Task statement
With the pictures removed, write out the full listing below exactly.

Dataset content
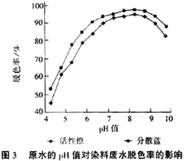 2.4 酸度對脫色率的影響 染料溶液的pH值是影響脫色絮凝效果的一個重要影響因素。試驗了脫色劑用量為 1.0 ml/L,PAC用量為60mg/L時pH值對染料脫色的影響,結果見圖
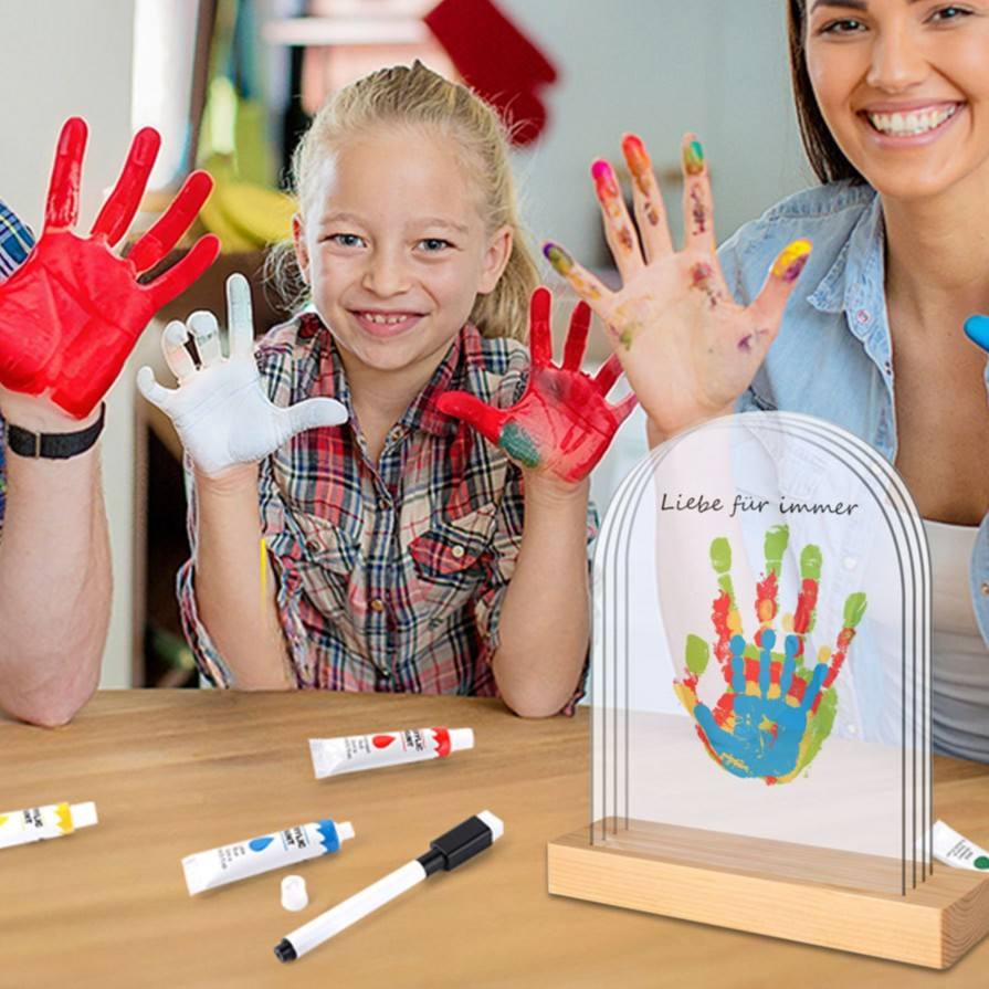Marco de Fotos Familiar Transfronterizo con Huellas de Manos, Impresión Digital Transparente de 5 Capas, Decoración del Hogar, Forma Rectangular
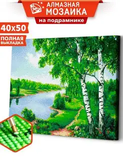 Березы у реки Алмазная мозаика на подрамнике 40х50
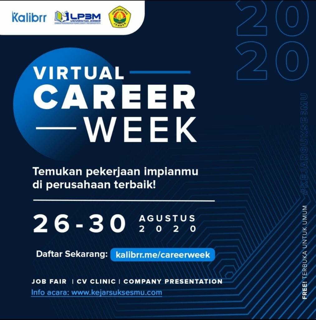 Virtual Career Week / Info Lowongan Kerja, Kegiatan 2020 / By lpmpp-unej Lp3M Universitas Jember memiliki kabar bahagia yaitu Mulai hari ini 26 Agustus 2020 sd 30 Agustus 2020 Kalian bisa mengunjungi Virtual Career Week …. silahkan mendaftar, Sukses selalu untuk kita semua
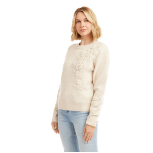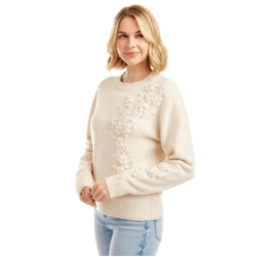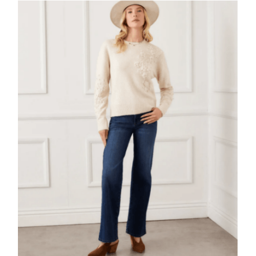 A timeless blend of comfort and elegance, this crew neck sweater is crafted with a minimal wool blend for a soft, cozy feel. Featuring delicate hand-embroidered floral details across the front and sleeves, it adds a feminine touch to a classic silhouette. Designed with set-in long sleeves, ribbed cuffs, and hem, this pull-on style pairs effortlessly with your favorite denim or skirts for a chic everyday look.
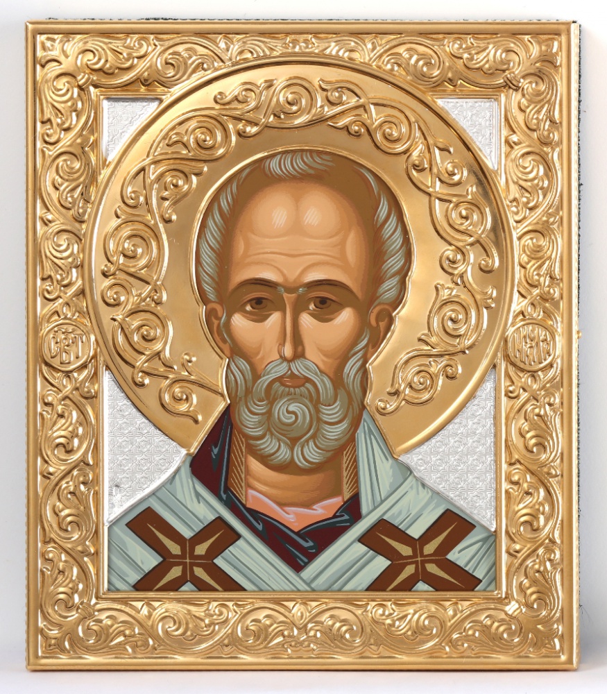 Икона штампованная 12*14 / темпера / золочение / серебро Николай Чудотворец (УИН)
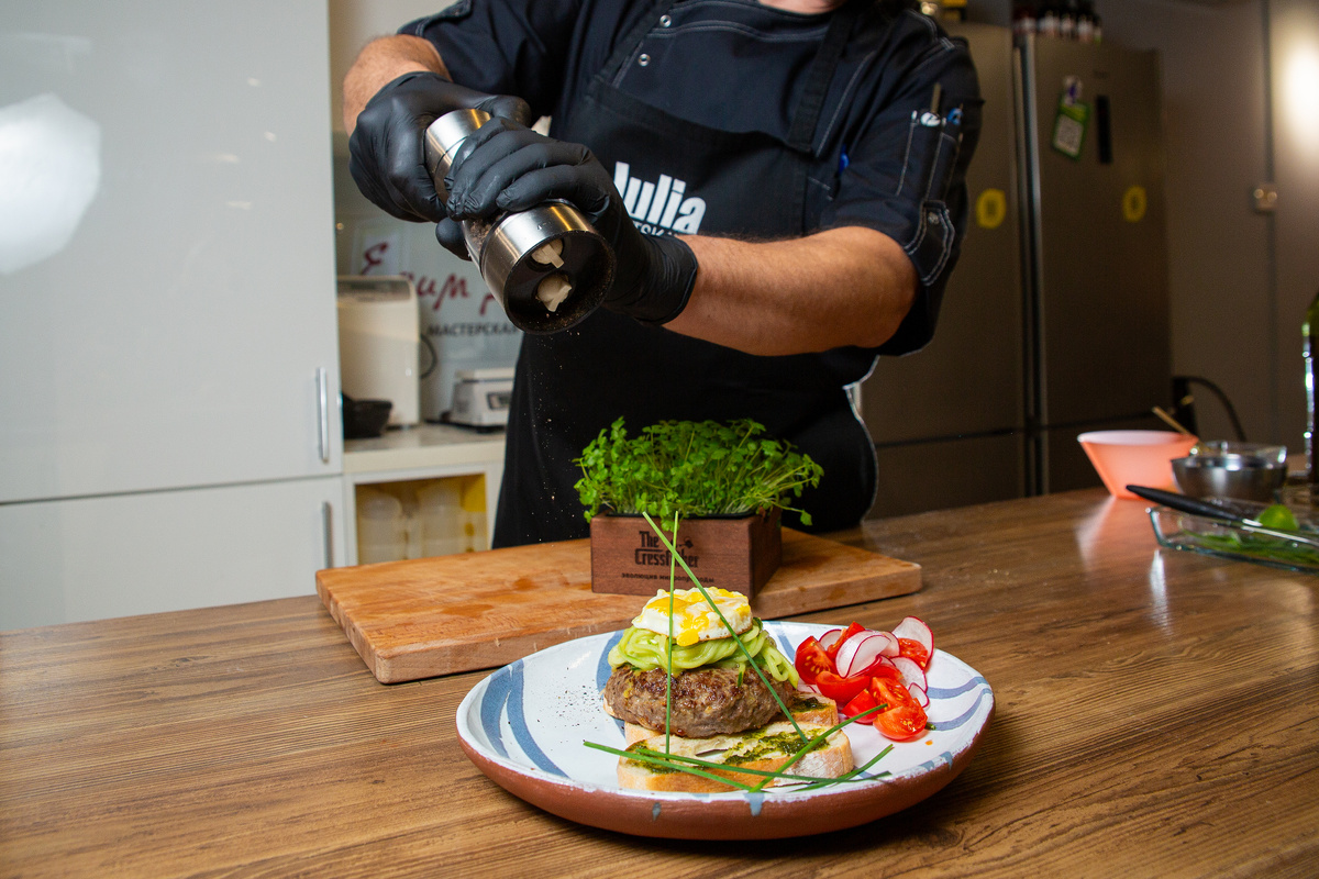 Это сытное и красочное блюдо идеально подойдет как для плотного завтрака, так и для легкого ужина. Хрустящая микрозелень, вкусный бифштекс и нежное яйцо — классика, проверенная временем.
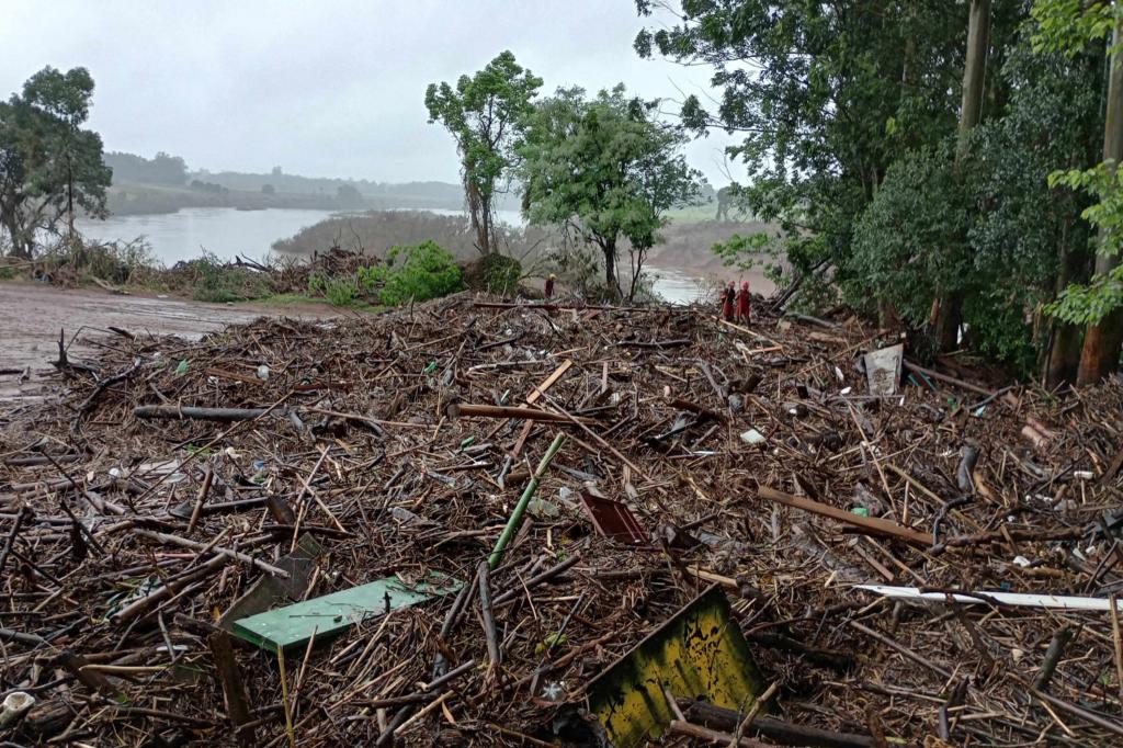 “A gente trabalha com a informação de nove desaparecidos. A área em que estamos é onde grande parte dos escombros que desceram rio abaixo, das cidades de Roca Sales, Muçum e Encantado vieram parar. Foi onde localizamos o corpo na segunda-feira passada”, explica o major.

Exercise solution
 2.4 酸度對脫色率的影響 染料溶液的pH值是影響脫色絮凝效果的一個重要影響因素。試驗了脫色劑用量為 1.0 ml/L,PAC用量為60mg/L時pH值對染料脫色的影響,結果見圖
Marco de Fotos Familiar Transfronterizo con Huellas de Manos, Impresión Digital Transparente de 5 Capas, Decoración del Hogar, Forma Rectangular
 Березы у реки Алмазная мозаика на подрамнике 40х50
 Virtual Career Week / Info Lowongan Kerja, Kegiatan 2020 / By lpmpp-unej Lp3M Universitas Jember memiliki kabar bahagia yaitu Mulai hari ini 26 Agustus 2020 sd 30 Agustus 2020 Kalian bisa mengunjungi Virtual Career Week …. silahkan mendaftar, Sukses selalu untuk kita semua
 A timeless blend of comfort and elegance, this crew neck sweater is crafted with a minimal wool blend for a soft, cozy feel. Featuring delicate hand-embroidered floral details across the front and sleeves, it adds a feminine touch to a classic silhouette. Designed with set-in long sleeves, ribbed cuffs, and hem, this pull-on style pairs effortlessly with your favorite denim or skirts for a chic everyday look.
 Икона штампованная 12*14 / темпера / золочение / серебро Николай Чудотворец (УИН)
 Это сытное и красочное блюдо идеально подойдет как для плотного завтрака, так и для легкого ужина. Хрустящая микрозелень, вкусный бифштекс и нежное яйцо — классика, проверенная временем.
 “A gente trabalha com a informação de nove desaparecidos. A área em que estamos é onde grande parte dos escombros que desceram rio abaixo, das cidades de Roca Sales, Muçum e Encantado vieram parar. Foi onde localizamos o corpo na segunda-feira passada”, explica o major.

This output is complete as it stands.